Of course, you sweeten it with an artificial sweetener. Apparently, citrus is
Mother Nature's diuretic, and when drinking so many fluids, it helps keep one
from retaining them. At that time, we were taught that "Minute Maid" frozen
lemon juice (found in any grocery store's frozen juice department) was the
best as it had no preservatives or additives. I still do this every morning
that it is at all possible. Sometimes, especially when traveling, one does not
wish to make too many rest stops, or the pure unsweetened lemon juice is not
readily available. In either case, it's up to the individual.

12. put on my workout suit (difference from the casual clothes I put on after
arriving home from work) around 8:30 p.m. That motivates and remind me that
after the children are bath and in bed. It's time to treat myself to working
out. And no matter how tired I am having on the workout suit helps.

13. In response to suggestion that you chew gum to relieve the need to chew, 
I disagree. I have read and been told that chewing gum merely stimulates the 
gastric juices. The saliva that is produced while chewing goes down to the stomach, 
thus fooling the stomach into thinking there is food to be digested. In my opinion and 
others, this merely causes you to be hungrier.

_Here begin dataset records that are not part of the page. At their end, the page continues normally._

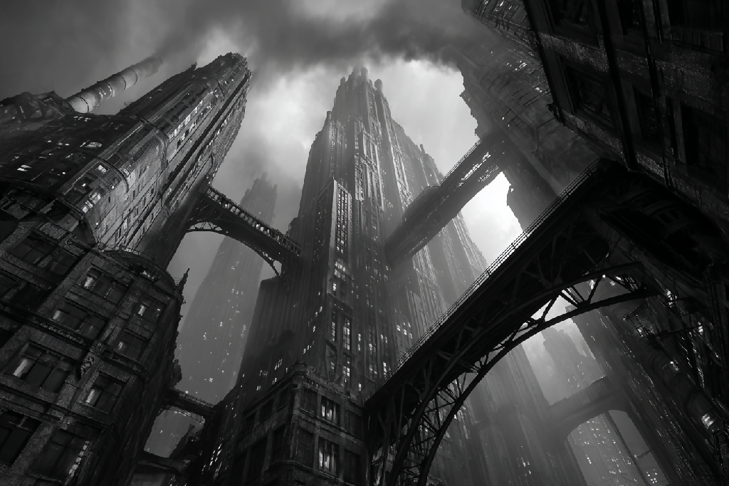 Tags: urban, dystopia, skyscraper, fog, architecture, monochrome, surreal, vertical, cityscape, aiart
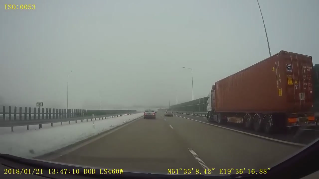 21.01.2018. Польша. Автомобиль BMW протаранил на скоростной трассе Шкоду.
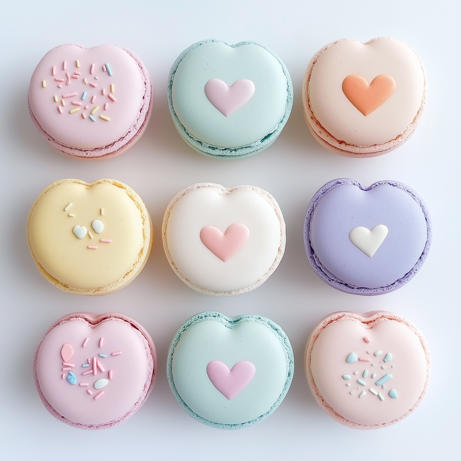 Heart-shaped pastel macarons with sprinkles and embossed hearts, arranged in a 3x3 grid on a white background. Perfect for a sweet treat!
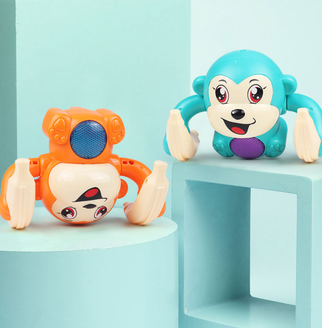 Vos tik aktyvuota, beždžionėlė ima ridentis 360°.
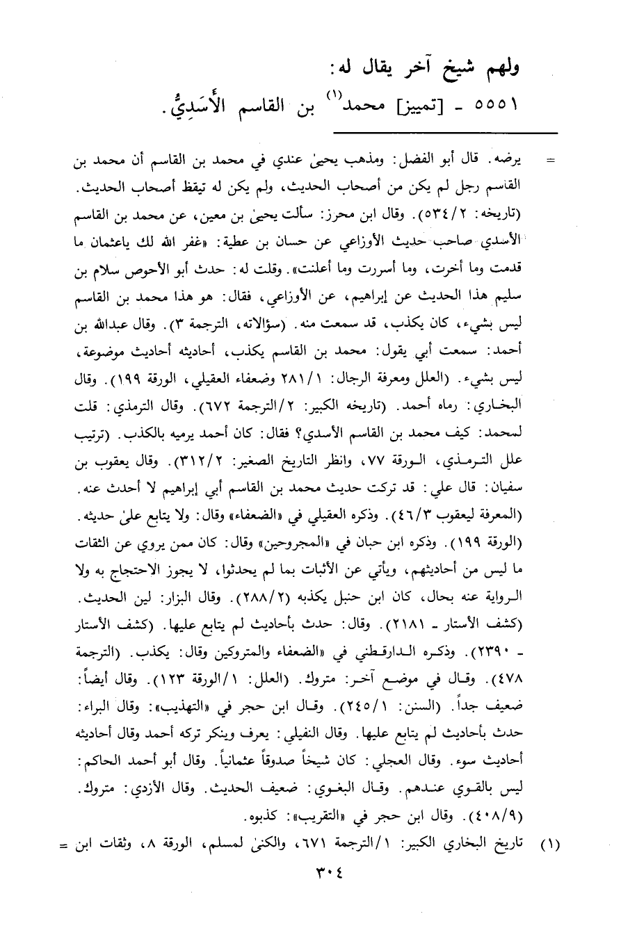 5551 - (تمييز) مُحَمَّد بن القاسم الأسدي (1) .
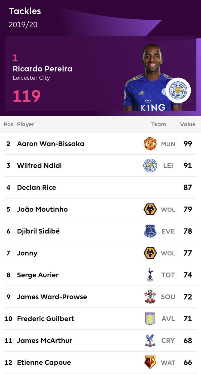 اكثر اللاعبين افتكاكا للكرة في البريميرليغ موسم 2019-2020 حتى الان /

I advise people drink a class of water or
chew on (fine) ice

14.  To figure out how many calories to have per day, take your target weight
and multiple by 13 if you are not active, 15 if you are moderately active, and
17 if very active. This will provide you with the correct calories to eat per
day to support the weight you WANT to be. The extra weight will eventually go
away

15. Just moving around burns calories. Maximize this potential by doing little
things all day. Instead of an elevator, take the stairs or my favorite, get a
long phone cord so that you can pace around while talking.